There is discussed in the briefs but one of the rulings on the evidence to which exceptions were reserved. The defendant, for the purpose of showing reasonable care in the selection of the mechanical appliances used upon its cars, sought to prove the "advertised test" of the manufacturers of the trolley-poles used by it. The court, under an objection, refused to permit the defendant to show by one of its witnesses what such advertised test disclosed in that respect. The court excluded the testimony on the ground that it was hearsay. But, without deciding whether the exclusion of the testimony on that ground was or was not erroneous, it is very clear that, since the issue as to the alleged negligence of the defendant by reason of the alleged defectiveness of the trolley-pole was eliminated from the case by the jury, and, therefore, formed no part of the basis of the general verdict, the ruling was harmless.

We have now specially noticed all the principal points which we have felt required such consideration in this opinion, and our final conclusion is, as must be apparent from *57 the foregoing discussion, that there has been shown to exist no just reason why the judgment and order should not stand.

Accordingly, the judgment and order are affirmed.

Chipman, P. J., and Burnett, J., concurred.

A petition for a rehearing of this cause was denied by the district court of appeal on June 10, 1912, and the following opinion then rendered thereon:






Addendum

There are three propositions upon which a rehearing of this cause is asked of this court, viz.: (1) That we fell into error in the statement that the amendment by the legislature of 1909 of section 625 of the Code of Civil Procedure, relating to the matter of the submission of particular questions of fact and special issues to juries, by which amendment trial courts are given discretion as to the matter of the submission of such questions and issues, was in force at the time of the trial of this action; (2) that this court is mistaken in the declaration "that there was no evidence which would warrant the submission to the jury of the defense as to negligence of a fellow-servant"; (3) that this court ignored the proposition contended for by the defendant, that there is "no evidence sufficient to show any causal connection between the negligence found by the jury to exist and the plaintiff's injuries," the contention being urged in the petition that the evidence affirmatively showed that there was no such causal connection.

1. As to the first point, we confess that we were in error in the declaration that section 625 of the Code of Civil Procedure, as amended in 1909, had taken effect and was in force at the time of the trial of this action. We now find, upon a closer examination, that the amendment was approved on the sixth day of March, 1909, but, as no other time was fixed in the act amending the section, the amendment, under the terms of section 323 of the Political Code, did not go into effect until the sixtieth day after its passage.

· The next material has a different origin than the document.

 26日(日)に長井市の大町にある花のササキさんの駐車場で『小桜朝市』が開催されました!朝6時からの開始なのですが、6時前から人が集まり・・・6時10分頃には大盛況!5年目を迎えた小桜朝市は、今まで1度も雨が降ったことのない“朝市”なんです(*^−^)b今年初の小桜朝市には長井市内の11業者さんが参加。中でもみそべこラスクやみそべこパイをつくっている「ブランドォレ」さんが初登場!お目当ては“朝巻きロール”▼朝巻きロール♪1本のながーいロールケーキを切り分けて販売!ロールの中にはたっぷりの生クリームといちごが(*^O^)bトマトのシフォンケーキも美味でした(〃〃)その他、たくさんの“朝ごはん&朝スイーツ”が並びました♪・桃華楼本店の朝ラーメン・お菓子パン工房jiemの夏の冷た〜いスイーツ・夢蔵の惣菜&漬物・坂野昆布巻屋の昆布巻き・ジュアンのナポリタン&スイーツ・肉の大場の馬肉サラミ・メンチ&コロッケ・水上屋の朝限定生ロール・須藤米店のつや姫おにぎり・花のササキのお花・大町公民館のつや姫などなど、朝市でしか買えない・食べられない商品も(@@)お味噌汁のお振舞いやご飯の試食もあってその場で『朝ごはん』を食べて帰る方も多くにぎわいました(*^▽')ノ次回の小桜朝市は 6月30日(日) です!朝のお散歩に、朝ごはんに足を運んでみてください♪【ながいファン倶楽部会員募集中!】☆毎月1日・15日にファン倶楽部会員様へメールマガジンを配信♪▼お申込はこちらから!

The trial of this action was commenced and completed before the expiration of that period, and the amendment was, therefore, not in force at that time.

But it is plainly manifest, if our conception of the issues presented by the complaint and of the effect of the answers *58 returned by the jury to certain particular questions of fact, considered in connection with their failure to answer certain other questions, as explained in the original opinion, be sound, then it became immaterial whether the section as it stood prior to the amendment or as it stands as amended was in force and applicable at the time of the trial of this action. In our original opinion, although mistaken as to the fact of the force of the amendment at that time, we tried to make this proposition clear. At any rate, the necessary effect of our views upon this point was that it was a matter of indifference, under the circumstances of the case, whether the original or amended section was applicable. If the jury had answered favorably to the defendant all the particular questions of fact bearing upon the issue as to the defective trolley-pole, there would have been no inconsistency between such answers and the general verdict, since, as is conclusively shown by the record, the general verdict was founded solely on another and different issue of negligence tendered by the complaint. After the return of the general verdict, with the answers to the particular questions of fact involved in the last-mentioned issue of negligence, said answers fully supporting the general verdict on that issue, it became wholly unnecessary to further consider the action of the jury on the particular questions of fact involved in the issue to which the general verdict could obviously have no relation. That issue was entirely eliminated from the case by the jury, and thus, figuratively yet truly speaking, it became a cadaver into whose lifeless veins no amount of blood could be injected by means of answers to interrogatories bearing thereon that could restore to it the power of respiration; hence, as stated, it became wholly immaterial whether the questions to which the jury were unable to formulate and return answers were answered or not answered, or how answered, so far as is concerned any effect any answers which might have been given might have upon the verdict as returned. See Pigeon v. Fuller, 156 Cal. 696, 701, [105 P. 976], where this question is exhaustively considered.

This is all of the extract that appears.